As our focus changed from using PRO surveys in research to their real-world application, our psychometric methods also were evolving. Until the early 1990s, our measurement development was based on classical psychometrics. Starting in the early 1990s, we began to implement item response theory (IRT) methods, which enabled us to more rigorously to evaluate translations and develop better survey items and better scoring methods. A by-product of growing importance today is the notion of quantifying and cross-calibrating a family of directly comparable forms measuring each health domain, the shortest of which is a single-item global measure of that domain, the longest of which is a full bank of items, with multi-item static (pre-selected) forms and computer adaptive tests (CAT), which select and administer only the items that are most informative for each respondent, in between. Such a family of static and CAT measures is better suited to satisfying the requirements of different PRO measurement applications while maintaining direct comparability of scores in relation to a common underlying metric.


Our first large-scale, Internet-based application of the IRT/CAT approach was another industry-sponsored project that developed more practical and cross-calibrated measures of headache impact, as published in nine papers in Quality of Life Research in 2003. During that project I realized that headache-specific PROs should better represent the content domains of generic PROs. The same holds for nearly all chronic conditions; however, most disease-specific surveys capture only half or fewer of the most frequently measured HRQOL domains. In response to this apparent shortcoming, we are presently evaluating Disease-specific Quality of Life Scales (QDIS®) which expand and standardize the content and scoring of HRQOL impact across diseases. The project is extending IRT and CAT to rapidly and reliably standardize an overall summary metric quantifying how much each disease limits a patient’s daily activities and overall HRQOL. The breakthrough that made this practical is Internet-based tools that are programmed to efficiently measure the HRQOL impact attributed to each disease, but which also are standardized to allow disease-specific scores to be aggregated into an estimate of overall HRQOL impact when multiple comorbid conditions (MCC) are present. For the first time, individualized as opposed to population-based weighting of MCC impact may be possible in PRO-based comparative effectiveness research.

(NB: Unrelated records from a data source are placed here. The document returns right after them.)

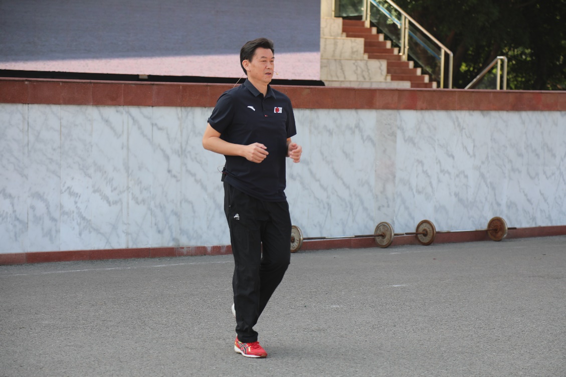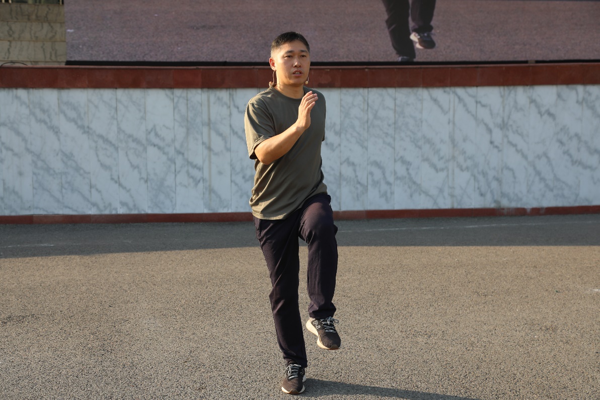 田游部潘仲秋老师针对官兵日常体能科目,采用理论与实操相结合的授课方法,结合优秀学生运动员的示范,对日常军事体育科目训练动作要领进行指导、纠正。
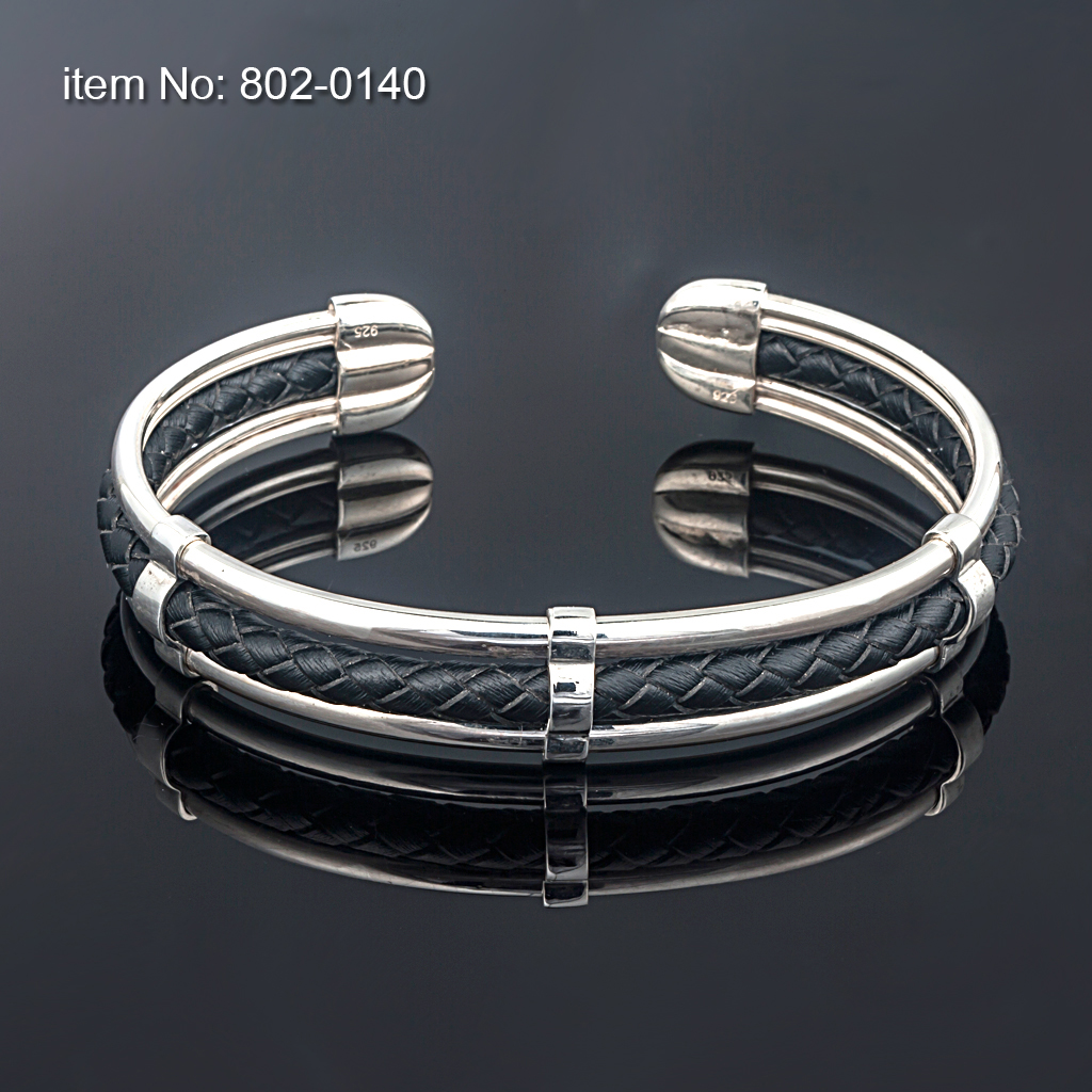 Sterling Silver flexible Bracelet Sterling Silver flexible Bracelet On genuine leather (colors as shown in pictures) For Men or Ladies Hand crafted in Greeceby AXION JEWELRY DESIGN
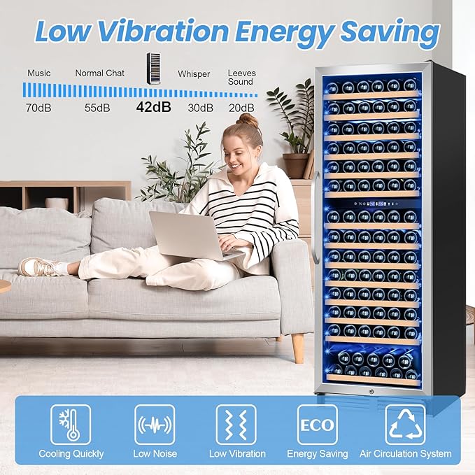 - 180 Bottles Capacity: The wine cooler can hold up to 180 standard wine bottles to meet your large storage needs; The adjustable and removable wooden shelves provide easy access and allow you to optimize your storage space according to your preferences
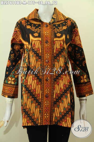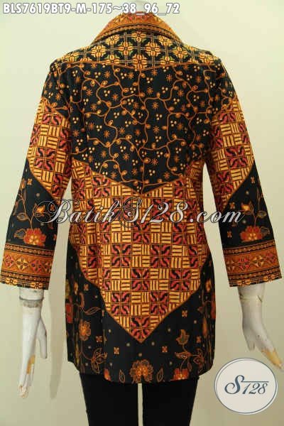 Baju Batik Cewek Modis Motif Elegan Berkelas, Pakaian Batik Model Kerah Proses Kombinasi Tulis, Pas Banget Untuk Seragam Kerja [BLS7619BT-M]
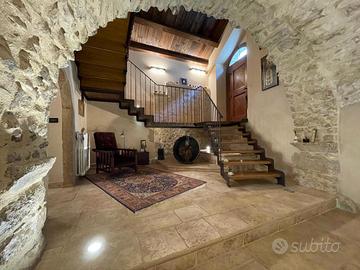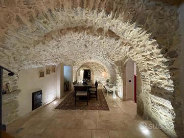 Al piano terra veniamo accolti da un'ampia sala da pranzo con volta in pietra medievale, soggiorno con camino in pietra , cucina abitabile con tetto in legno a vista, camera matrimoniale e bagno, il tutto rifinito con pavimento in pietra.
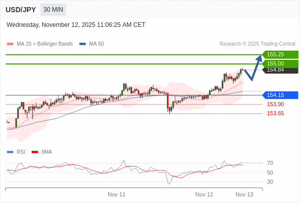 在 154.15 之上,看涨,目标价位为 155.00 ,然后为 155.25 。
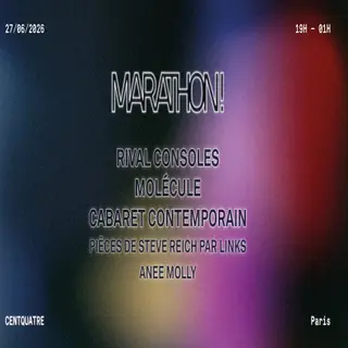 MARATHON! at CENTQUATRE: Rival Consoles, Molécule, Cabaret Contemporain, Links, Anee Molly on June 27, 2026 at 104 CENTQUATRE, Paris features Rival Consoles, Molécule and Anee Molly performing electro DJ sets.
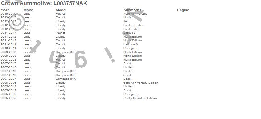 Crown Automotive is the premier manufacturer and distributor of quality replacement parts for Jeep® CJ™, Wrangler™, Cherokee™, Grand Cherokee™, Liberty™, and Commander™."From humble beginnings in 1963 in a small Boston storefront, Crown Automotive has consistently maintained its commitment to offering only quality parts and exceptional service. Today, with warehouses in Massachusetts, Georgia, Nevada, Spain, and the Czech Republic, totaling over 160,000 square feet, Crown Automotive continues to be the leader in quality replacement parts for Jeep® vehicles. With over 8,000 different parts in stock for Jeep® vehicles from 1942 on up, Crown has the largest stock of replacement parts for Jeep® vehicles, including factory-discontinued parts. In fact, many of the older Jeeps are still on (and off) the road thanks to Crown parts. The Crown line consists of axle, body, brake, clutch, cooling, driveline, electrical, engine, exhaust, fuel, steering, suspension, transmission and transfer case components. Crown Automotive also offers an exclusive line of component kits and accessory products. Because we know that Jeeps are driven harder than most other vehicles, we emphasize offering only quality parts. In fact, we test parts on Jeeps before distributing them to our dealers to insure that they meet our standards for quality. Crown also supports its entire line with a 12 month/12,000 mile warranty to insure our dealers and their customers of our commitment to offering quality parts. We know from experience that Jeep® owners would rather pay a little more for a good quality part that's backed by a strong guarantee. But we know that price is important as well. So, not only will you find Crown parts to be of exceptional quality, but you'll find them at a great price too.
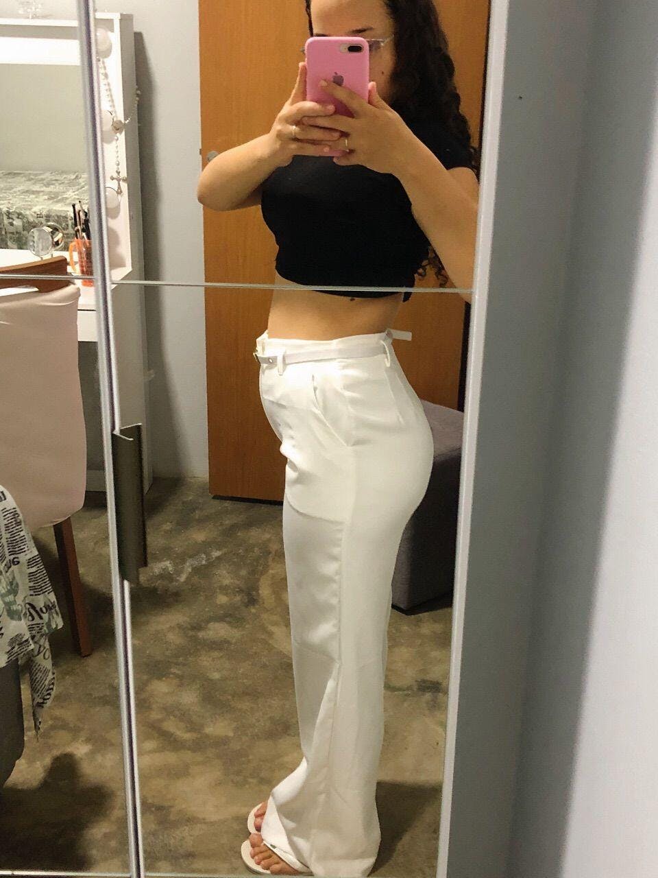 Com modelagem de perna larga e cintura alta, ela alonga a silhueta e oferece um caimento solto, leve e sofisticado — perfeita para quem busca um visual moderno sem abrir mão do conforto.
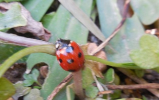 1月の天気ではありません。今日は…。3月の春の日差しが降り注いでおります。おかしい…。うっかり出番を間違えてしまったテントウムシに、ばったり遭遇。
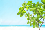 Beautiful white sand beach and tree with island in summer time concept travel, holiday and vacation. Tropical paradise beach nature landscape in Thailand
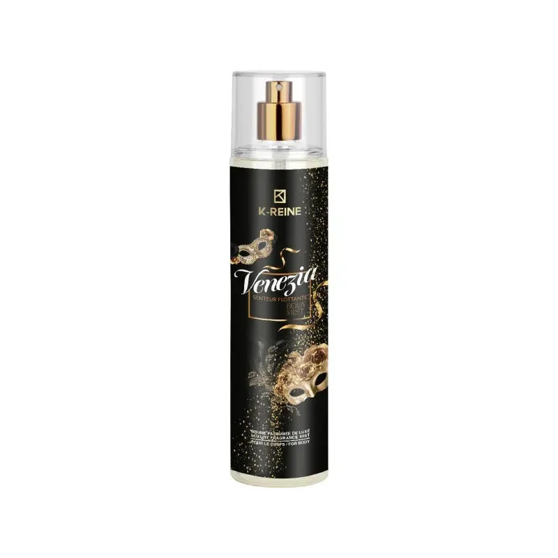 Brume de luxe K-REINE 230ML Venizia pour cheveux et corps, enrichie en Aloe Vera et Provitamine B5, hydrate instantanément et laisse un parfum raffiné de longue durée pour une peau douce et des cheveux brillants.
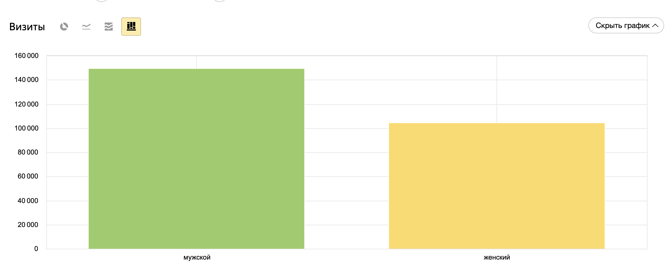 Отчёт показывает какого пола посетители. Можно узнать, кто больше проводит времени на сайте: мужчины или женщины, у кого больше глубина просмотра и кто чаще покупает.
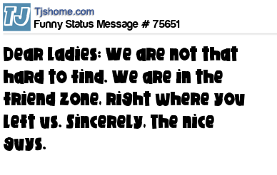 - # 59188 I'm tired of girls complaining that theres no good guys left...hello..they're where you left them, IN THE FRIEND ZONE
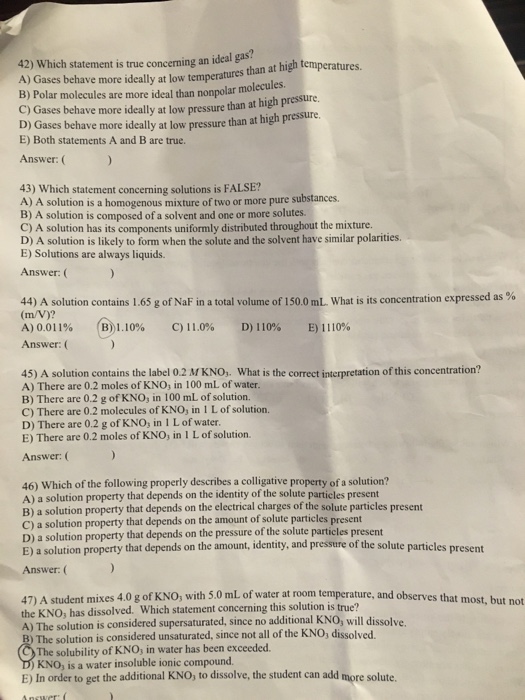 A solution contains the label 0.2 m kno3. what is the correct interpretation of this concentration?. Argument-driven Inquiry In Chemistry : Lab Investigations For Grades 9 ... E-Book Overview Transform your chemistry labs with this guide to argument-driven inquiry. Designed to be much more authentic for instruction than traditional laboratory activities, the investigations in this book give high school students the opportunity to work the way scientists do. Chapter 6: Reactions and Solutions - Studylib A solution contains the label 0.2 M KNO3. What is the correct interpretation of this concentration? A) There are 0.2 moles of KNO3 in 100 mL of water. B) There are 0.2 g of KNO3 in 100 mL of solution. C) There are 0.2 molecules of KNO3 in 1 L of solution. D) There are 0.2 g of KNO3 in 1 L of water. E) There are 0.2 moles of KNO3 in 1 L of ... Chemistry Exam 2 Flashcards | Quizlet Study with Quizlet and memorize flashcards containing terms like Which statement concerning solutions is FALSE?, Which statement concerning solution concentration is FALSE?, A solution contains the label 0.2 M KNO3. What is the correct interpretation of this concentration? and more. dokumen.pub › general-chemistry-principles-andGeneral Chemistry: Principles and Modern Applications (10th ... It is a good idea to memorize the most common SI prefixes (such as G, M, k, d, c, m, m, n, and p) because you can t survive in a world of science without knowing the SI prefixes. official spelling of this unit is metre, but we will use the American spelling. mole is introduced in Section 2-7. cElectric current is described in Appendix B and in ...
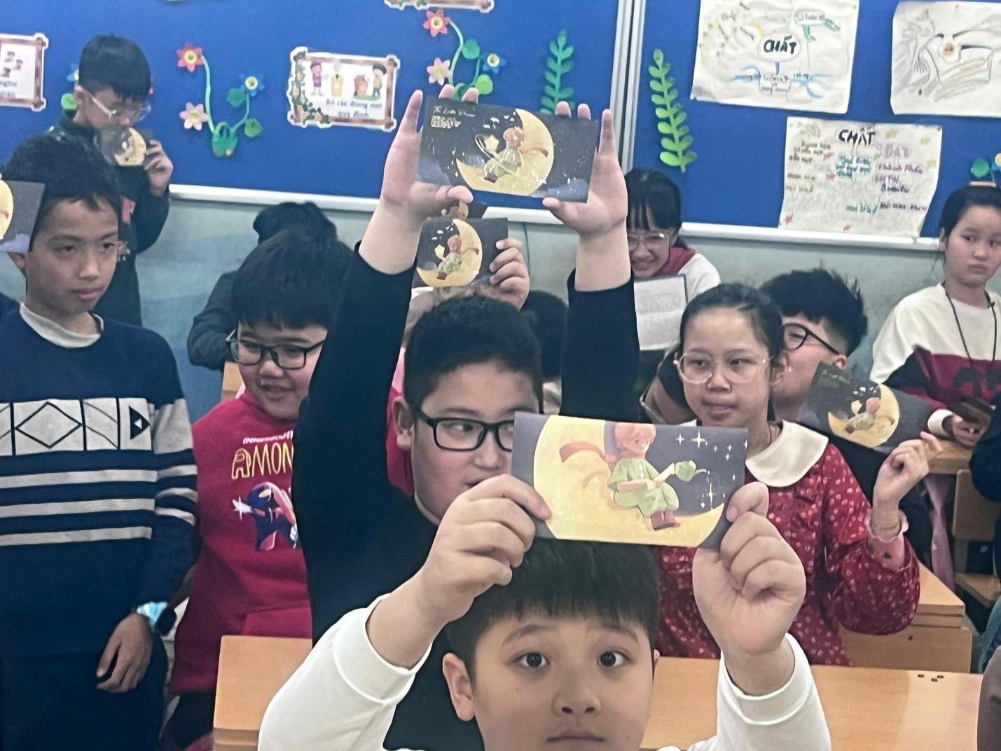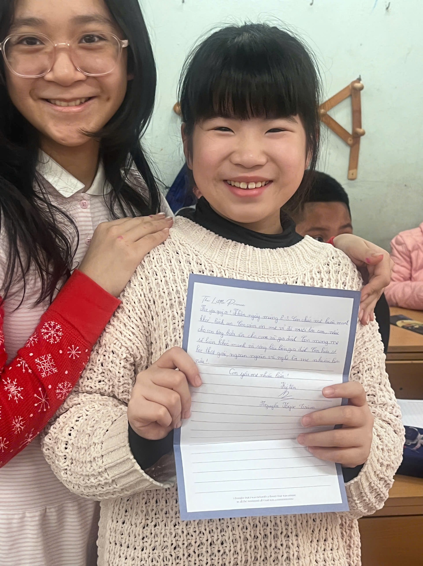 Một trong những hoạt động ý nghĩa nhất của buổi sinh hoạt là phần viết lời chúc vào bưu thiếp. Mỗi bạn học sinh đã tự tay viết những lời chúc tốt đẹp nhất, những lời tri ân chân thành dành tặng bà, tặng mẹ... Những tấm bưu thiếp xinh xắn chứa đựng biết bao tình cảm yêu thương, kính trọng của các em đã khiến không ít người xúc động.
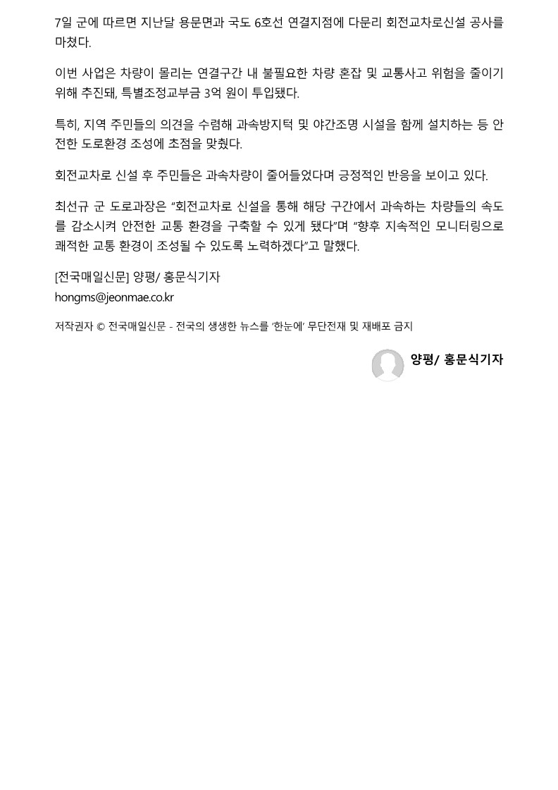 2023.06.07 Àü±¹¸ÅÀϽŹ®_°æ±âµµ ¾çÆò±º ¿ë¹®¸é ´Ù¹®¸® 940 ȸÀü±³Â÷·Î
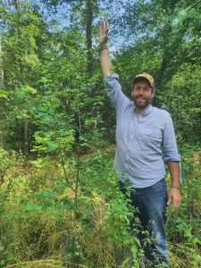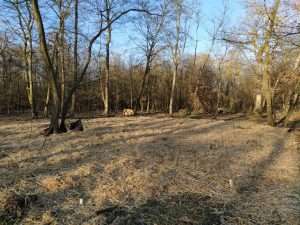 existante. C’est une expérience qui s’éloigne du protocole classique de la méthode Miyawaki, où le travail du sol constitue une étape fondamentale de la plantation. Nous n’avons pas constaté une mortalité plus forte sur le site, mais une croissance ralentie les premières années suivant la plantation, par rapport à nos autres expérimentations : cela peut être dû à cette problématique du sol (le sol, bien que constitué de litière forestière, garde une composante sableuse forte du fait de l’origine artificielle bois), mais aussi à la luminosité beaucoup plus faible dans cette petite clairière que sur un site ouvert. Un deuxième site a été planté en 2023 à quelques centaines de mètres, sur un terrain plus dégagé, pour tenter de comprendre si c’est la luminosité ou le sol qui explique plutôt cette croissance ralentie.
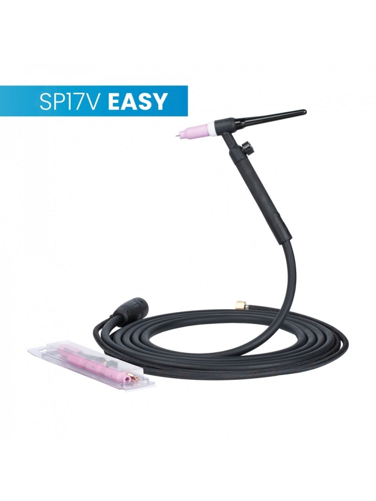 La torche TIG Spartus® 17V – série Easy est conçue pour les travaux de soudage plus exigeants, tout en garantissant une excellente ergonomie. Avec ses 4 mètres de longueur, elle offre une grande liberté de mouvement pour tous vos projets TIG.
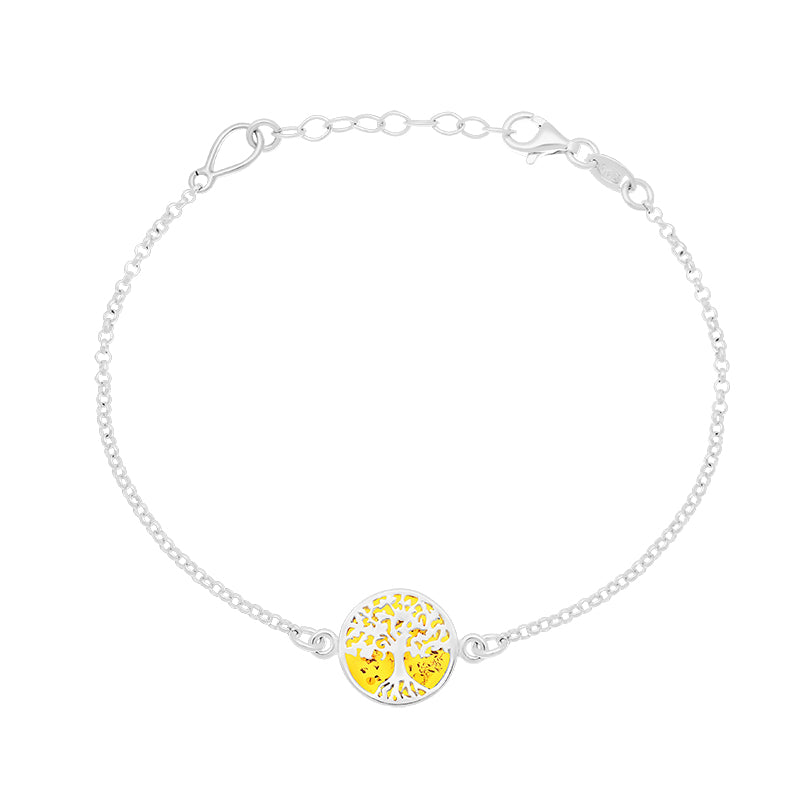 Sterling Silver Amber Round Tree of Life Chain Bracelet - B1249 (TOL-153)

Thorough HRQOL measurement validation is the basis for interpreting PRO differences and for determining whether significant differences are also important. However, over the years of following and contributing to the HRQOL literature and participating in numerous regulatory and other reviews of clinical trial results, I began to realize that it often is problems with the internal validity of study designs and not measurement validity that weakens causal attributions of HRQOL outcomes to a specific treatment. Dan Frendl, an MD-PhD student at UMass Medical School and I published a 2014 Medical Care article reporting results from a systematic review of 185 very well controlled drug trials documenting primary clinical and HRQOL outcomes measured by the SF-36 Health Survey over a 17-year period (1995-2011). We estimate that more than half were multinational. In more than 80% of trials, the SF-36 was responsive enough to capture the benefits of improvements in laboratory tests and other clinical outcomes caused by drug therapies. However, wide variability was observed in the rates at which drug treatments achieved accepted minimally important different (MID) thresholds (about 58% overall; 0-100% across clinical areas). These results reflect variations in treatment efficacy more than measurement validity and responsiveness.


One challenge for the field going forward is taking advantage of advances in data collection and measurement while maintaining score comparability with the growing body of evidence necessary for meaningful interpretation of outcomes.